TASK
For this exercise, print the listing below exactly, without its pictures.

RECORDED INFORMATION
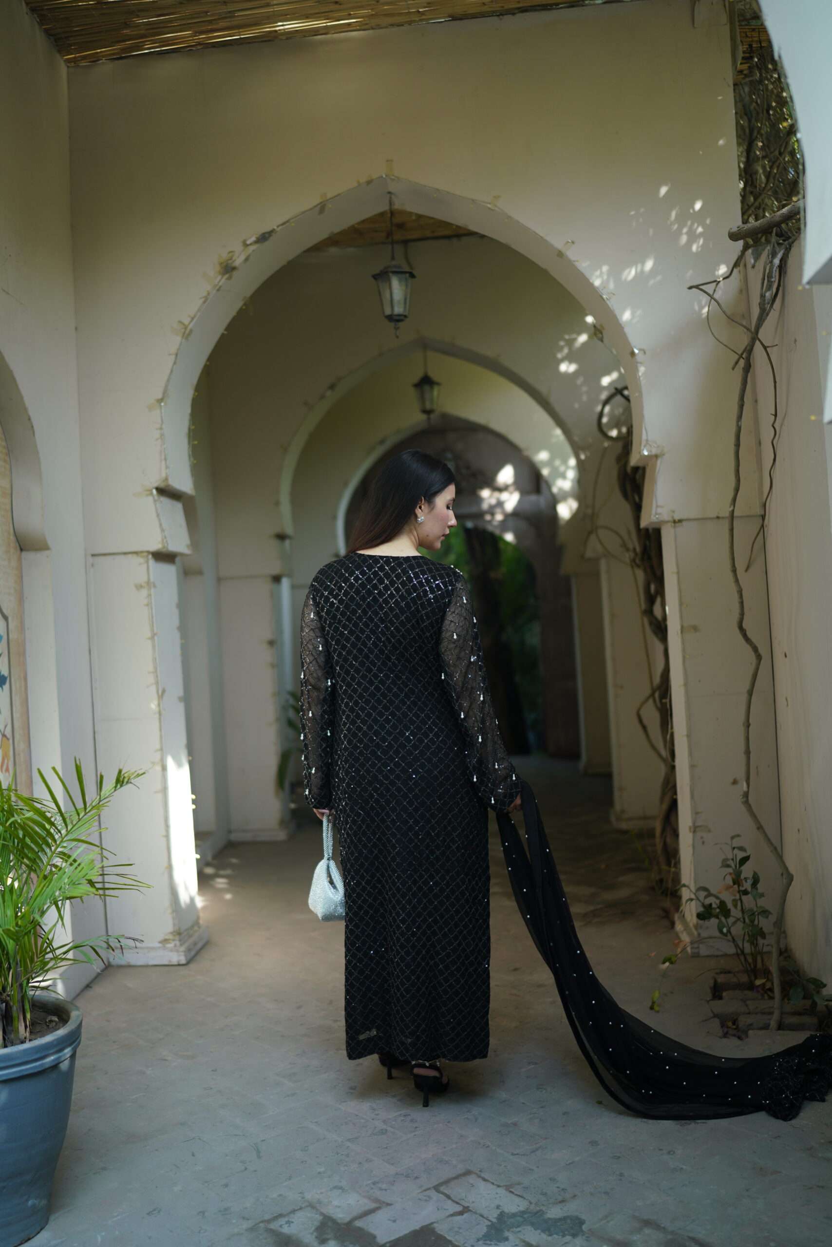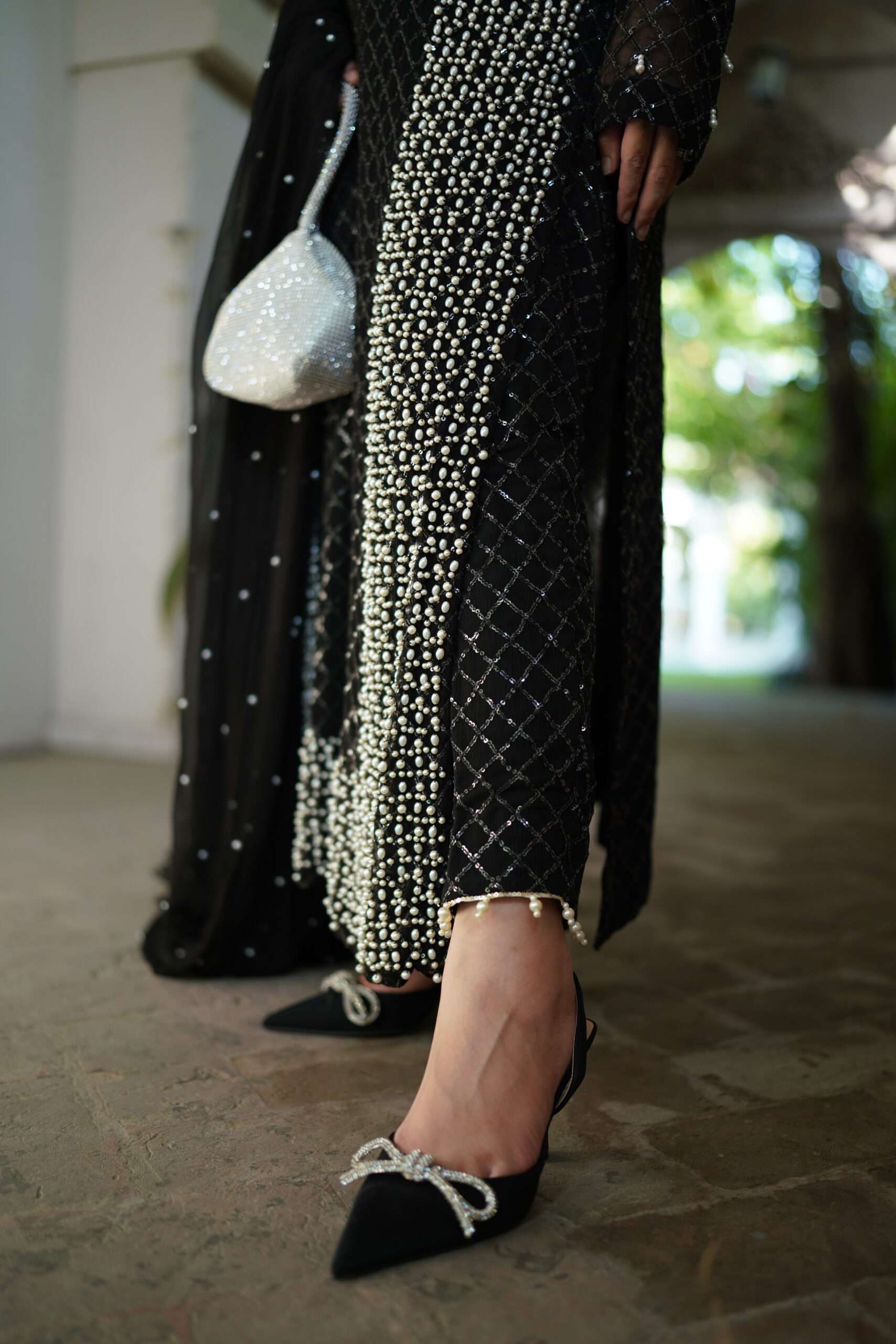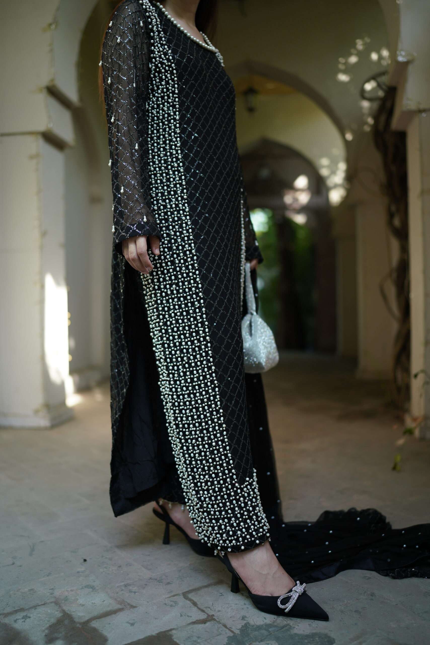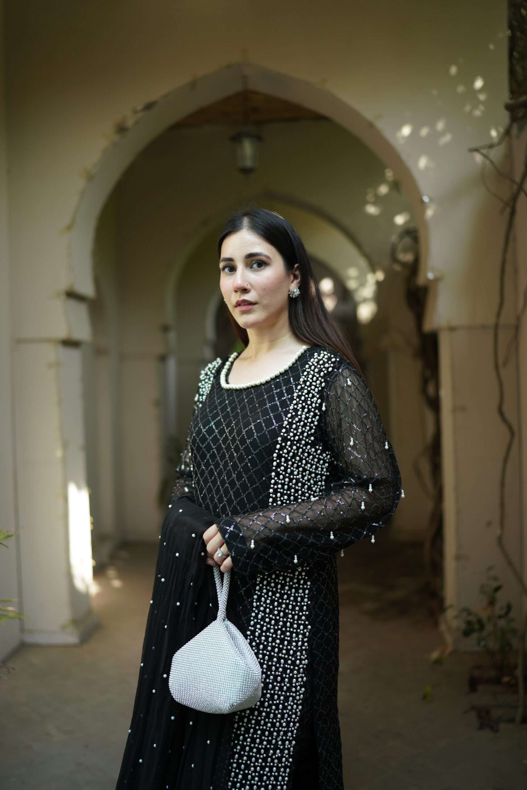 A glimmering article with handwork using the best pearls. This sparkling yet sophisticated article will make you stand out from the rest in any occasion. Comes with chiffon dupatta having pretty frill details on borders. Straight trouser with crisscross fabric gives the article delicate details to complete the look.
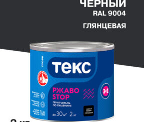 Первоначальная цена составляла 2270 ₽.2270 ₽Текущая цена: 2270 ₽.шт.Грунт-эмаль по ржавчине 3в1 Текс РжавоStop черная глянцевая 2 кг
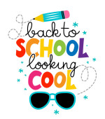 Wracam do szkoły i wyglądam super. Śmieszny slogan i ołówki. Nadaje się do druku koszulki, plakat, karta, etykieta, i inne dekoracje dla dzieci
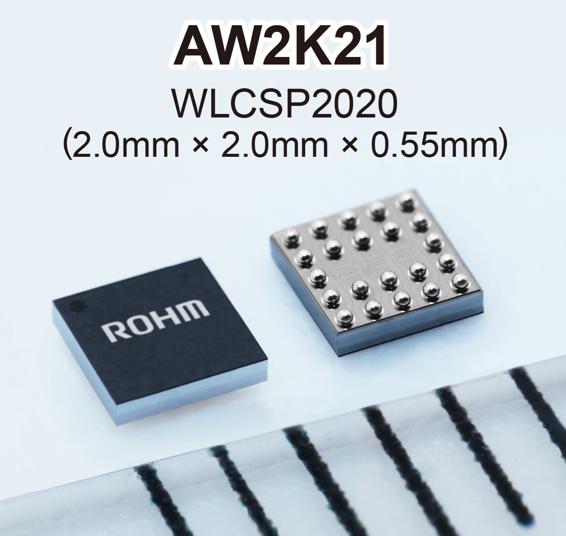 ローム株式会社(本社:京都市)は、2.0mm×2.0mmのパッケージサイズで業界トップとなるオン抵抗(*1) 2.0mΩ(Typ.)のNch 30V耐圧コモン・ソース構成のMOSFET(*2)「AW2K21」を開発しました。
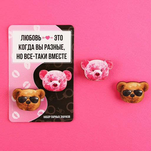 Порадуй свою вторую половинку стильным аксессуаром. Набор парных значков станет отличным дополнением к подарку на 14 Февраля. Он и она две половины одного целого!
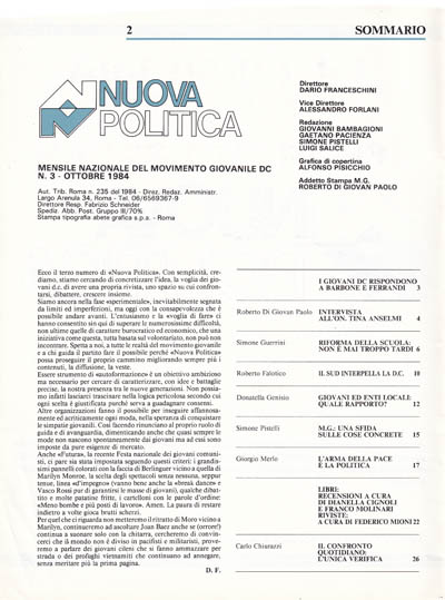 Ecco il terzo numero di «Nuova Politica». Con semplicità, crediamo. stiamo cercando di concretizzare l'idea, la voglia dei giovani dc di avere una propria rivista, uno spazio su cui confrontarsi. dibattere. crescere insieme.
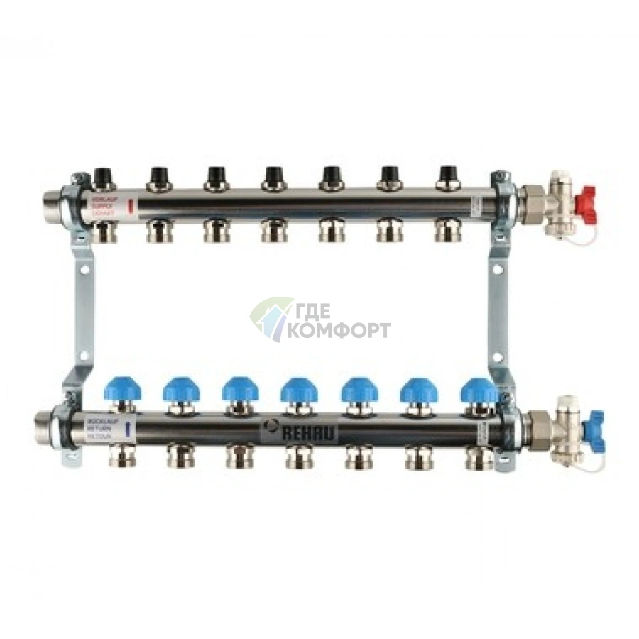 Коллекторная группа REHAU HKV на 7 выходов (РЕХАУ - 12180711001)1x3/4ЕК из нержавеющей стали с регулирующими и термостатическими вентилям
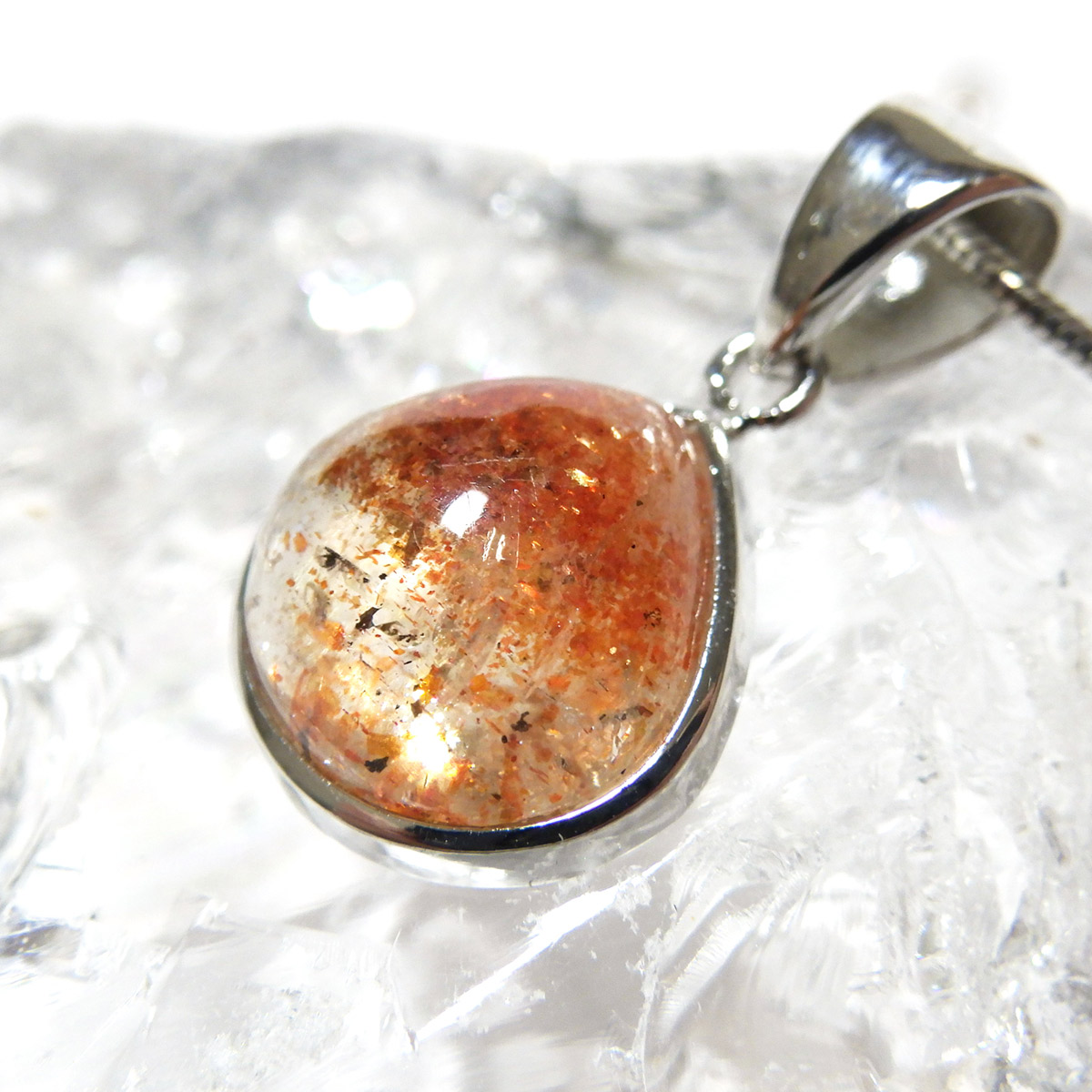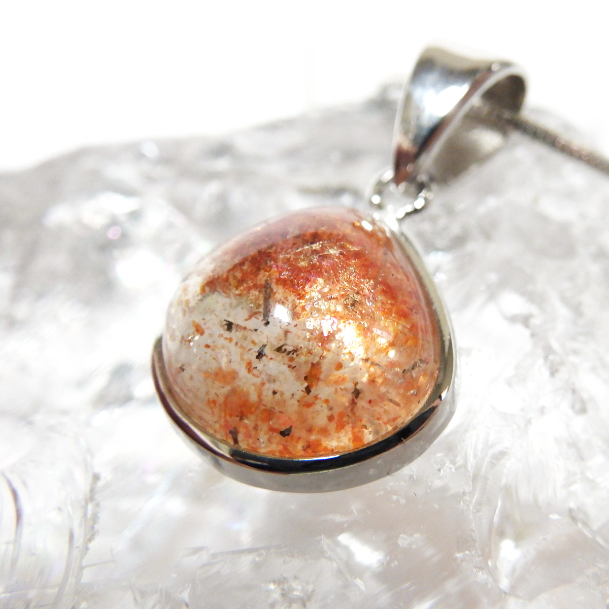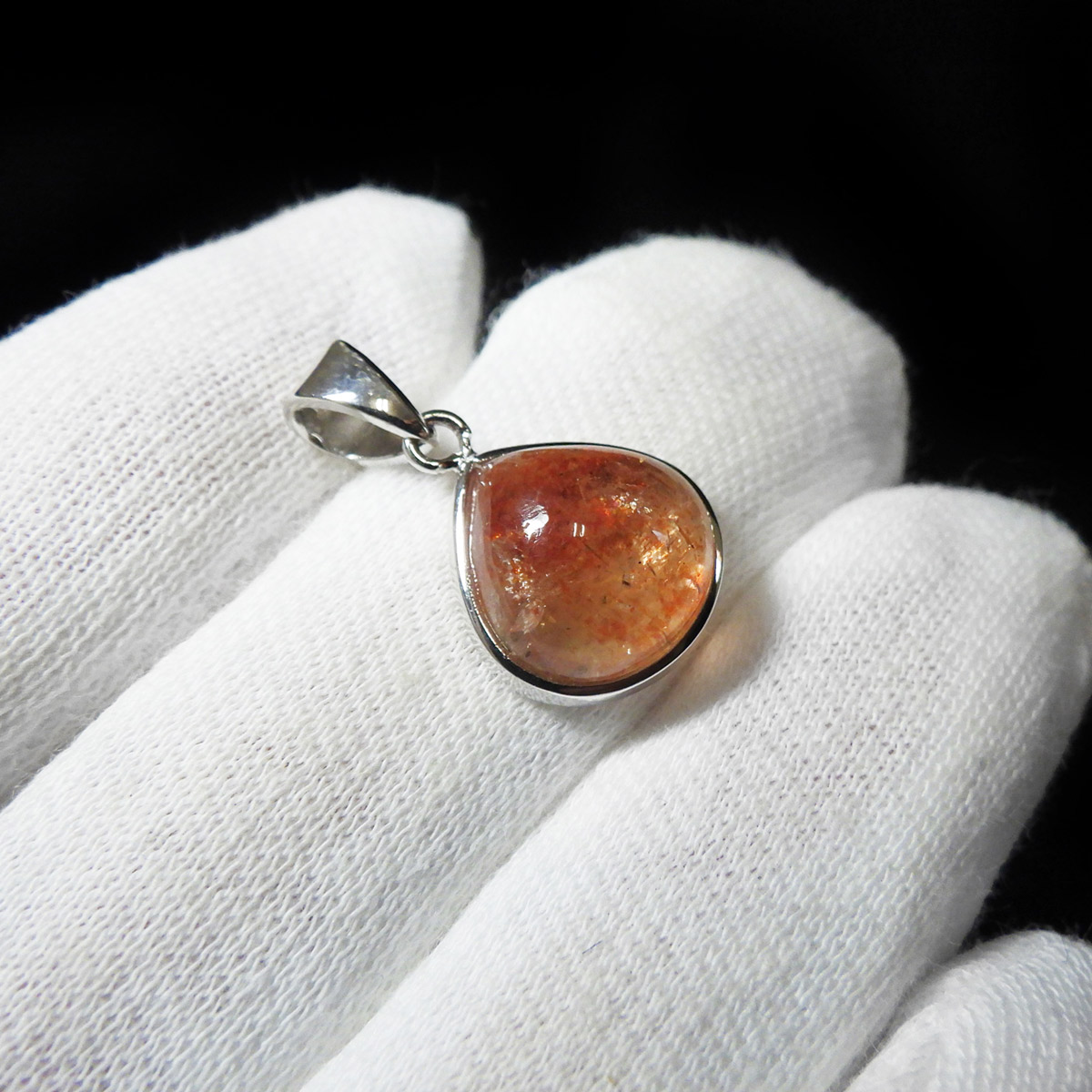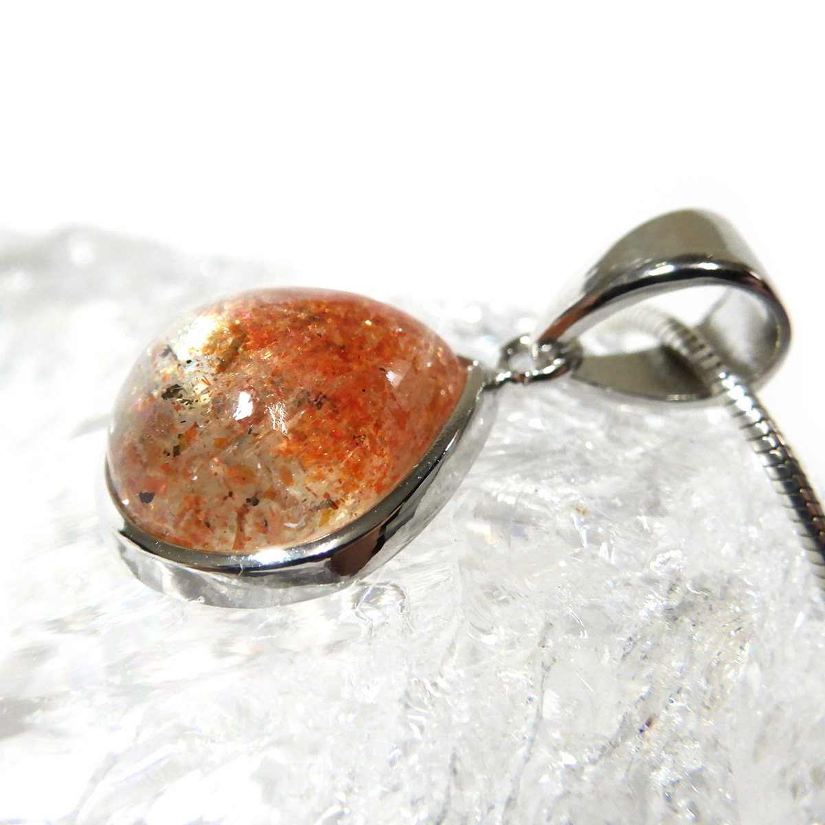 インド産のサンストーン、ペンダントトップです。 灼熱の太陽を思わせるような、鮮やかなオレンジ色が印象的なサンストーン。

SOLVED EXERCISE
 A glimmering article with handwork using the best pearls. This sparkling yet sophisticated article will make you stand out from the rest in any occasion. Comes with chiffon dupatta having pretty frill details on borders. Straight trouser with crisscross fabric gives the article delicate details to complete the look.
 Первоначальная цена составляла 2270 ₽.2270 ₽Текущая цена: 2270 ₽.шт.Грунт-эмаль по ржавчине 3в1 Текс РжавоStop черная глянцевая 2 кг
 Wracam do szkoły i wyglądam super. Śmieszny slogan i ołówki. Nadaje się do druku koszulki, plakat, karta, etykieta, i inne dekoracje dla dzieci
 ローム株式会社(本社:京都市)は、2.0mm×2.0mmのパッケージサイズで業界トップとなるオン抵抗(*1) 2.0mΩ(Typ.)のNch 30V耐圧コモン・ソース構成のMOSFET(*2)「AW2K21」を開発しました。
 Порадуй свою вторую половинку стильным аксессуаром. Набор парных значков станет отличным дополнением к подарку на 14 Февраля. Он и она две половины одного целого!
 Ecco il terzo numero di «Nuova Politica». Con semplicità, crediamo. stiamo cercando di concretizzare l'idea, la voglia dei giovani dc di avere una propria rivista, uno spazio su cui confrontarsi. dibattere. crescere insieme.
 Коллекторная группа REHAU HKV на 7 выходов (РЕХАУ - 12180711001)1x3/4ЕК из нержавеющей стали с регулирующими и термостатическими вентилям
 インド産のサンストーン、ペンダントトップです。 灼熱の太陽を思わせるような、鮮やかなオレンジ色が印象的なサンストーン。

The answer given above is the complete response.